The ballet has long had a tradition of being only for those with a large disposable income, with tickets for the stalls in the Royal Opera House being £80+. What a lot of people don’t realize, is that you can get seats right at the top from just £8, and the view is quite good – you can see everything!
We decided to go along to Romeo and Juliet and test out these bargain seats. Unfortunately the really cheap ones had already gone as we booked late, but we managed to get two seats for a very reasonable £24 each. They were quite high up, but were normal seats whereas the £8 bargains are benches.
From the first strike of Prokofiev’s score to that final flawless adagio, the Royal Ballet did him proud. Natalia Osipova was a welcome new addition to the ballet, and danced beautifully; full of expression, performing entirely to Prokofiev’s tremendous musical talents, she was almost dreamlike to watch. A perfect match, Osipova isn’t just a dancer but an actress, able to perform the role of a teenage girl with all of the emotions and actions that one would display when unable to get her own way.
The famous Dance of the Knights was powerful and breathtaking; the strength in the leaps and interactions between the dancers made the scene what it was, interpreting the music, and displaying through action what a musical genius Prokofiev really was.

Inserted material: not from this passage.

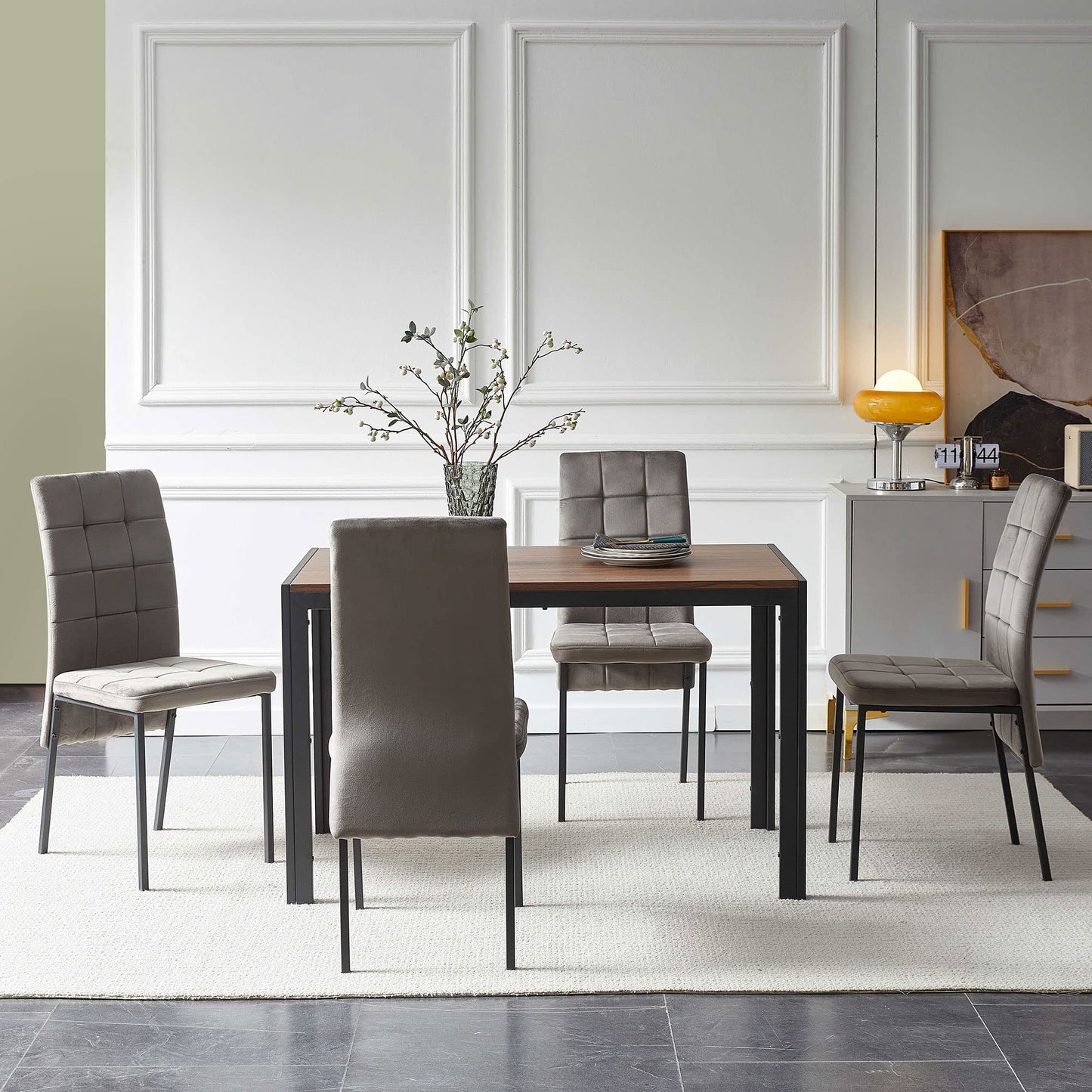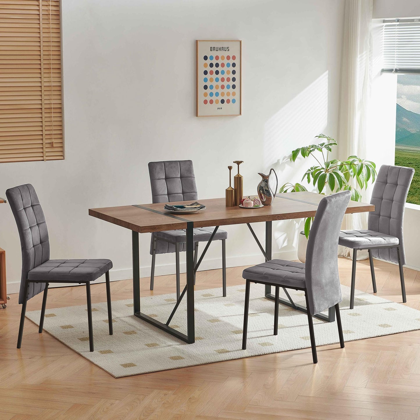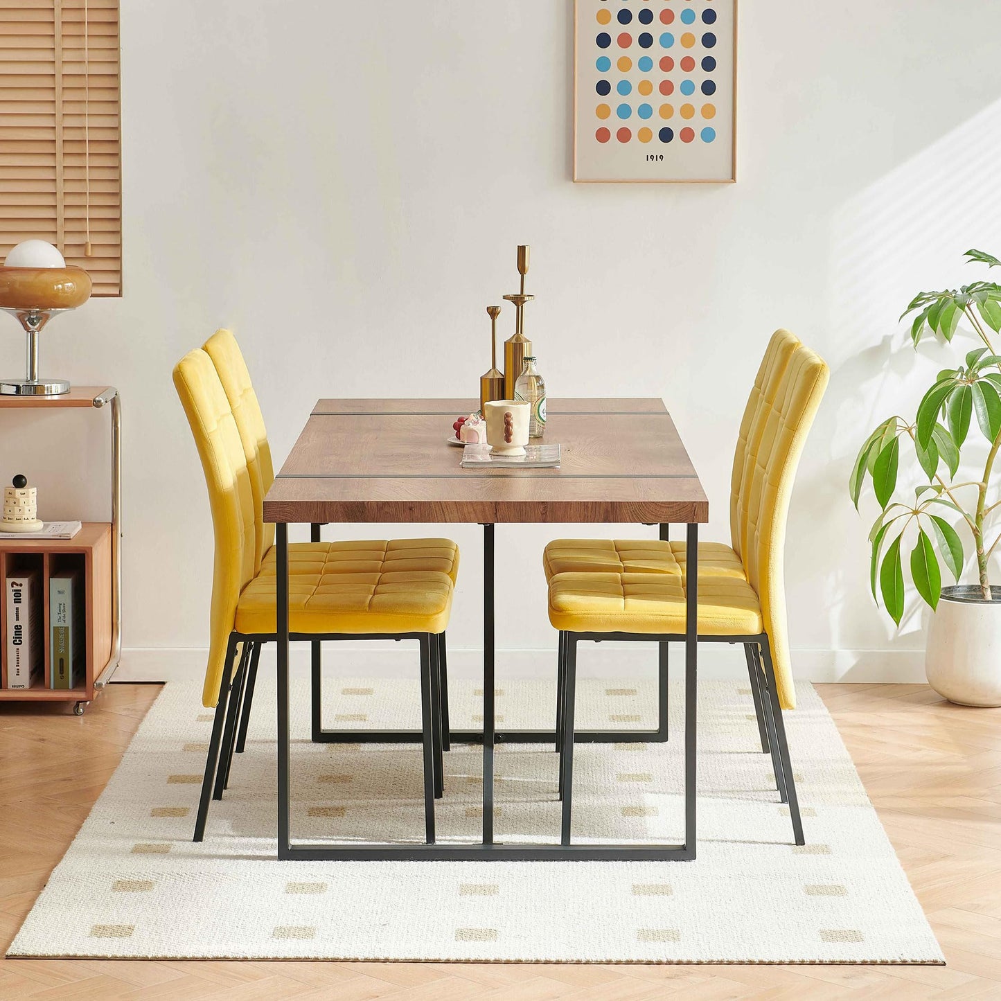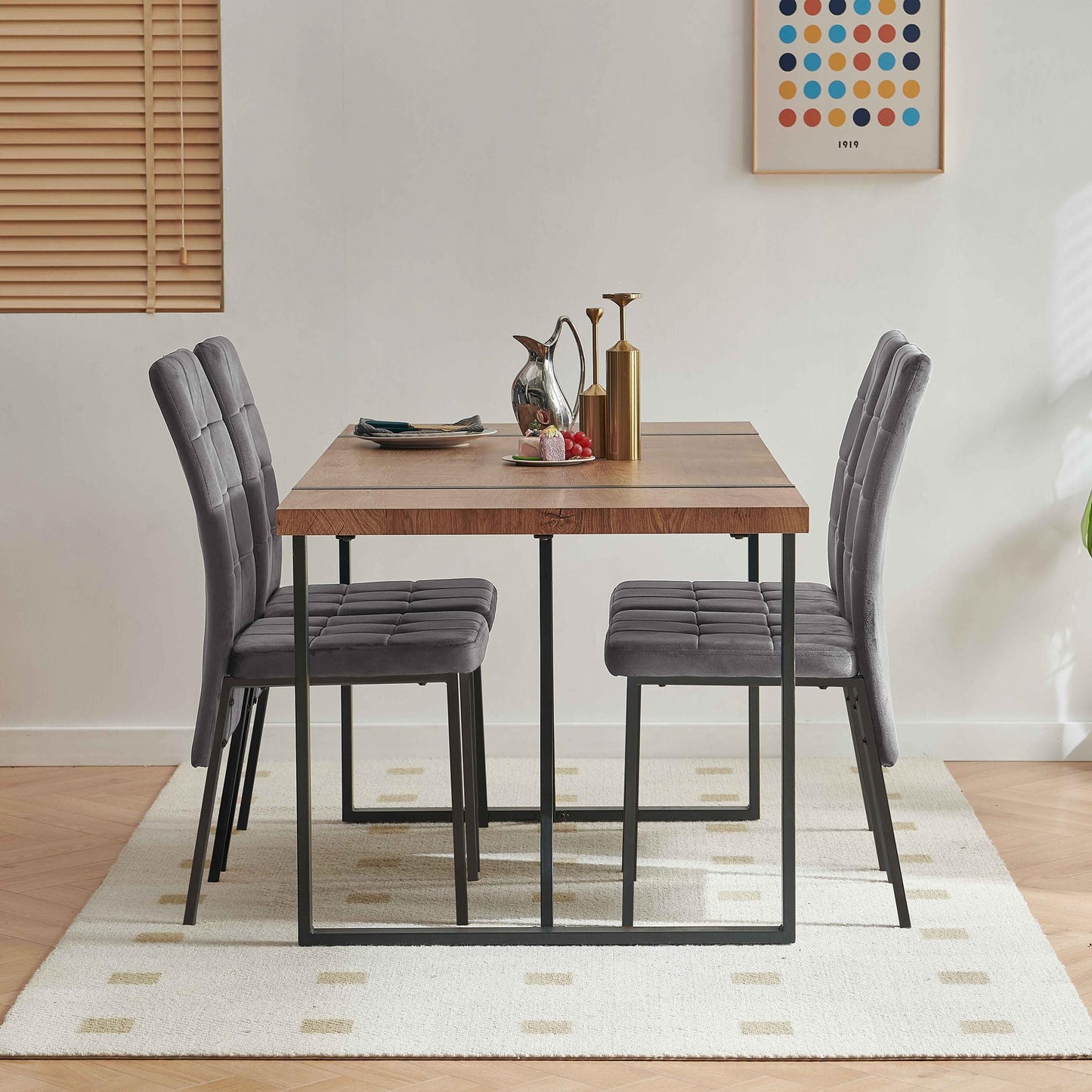NORDICANA Dining Table with 4 Chairs Set, Dining Room Chairs Set of 4 and Rectangular Dining Table, Velvet Cover, Upholstered Chair, MDF Panels, Wooden Table, Suitable for Kitchen, Office, Balcony

The entire performance through all three acts was sublime, with Osipova’s style and beauty leading the way, the rest of the ballet company performed with such an excellence that my heart raced from the excitement of seeing such wonderful dancing. Romeo and Juliet is one of those ballets, much like Swan Lake, that leaves you breathless from awe. Personally I’m not a huge fan of the likes of The Nutcracker or Sleeping Beauty, but give me Swan Lake, Giselle, or Romeo and Juliet, and I’ll leave with tears in my eyes begging for a ticket for the next night’s showing.
Bravo, Natalia Osipova, you can stay. And bravo Sergei Prokofiev, you continue to make my heart melt.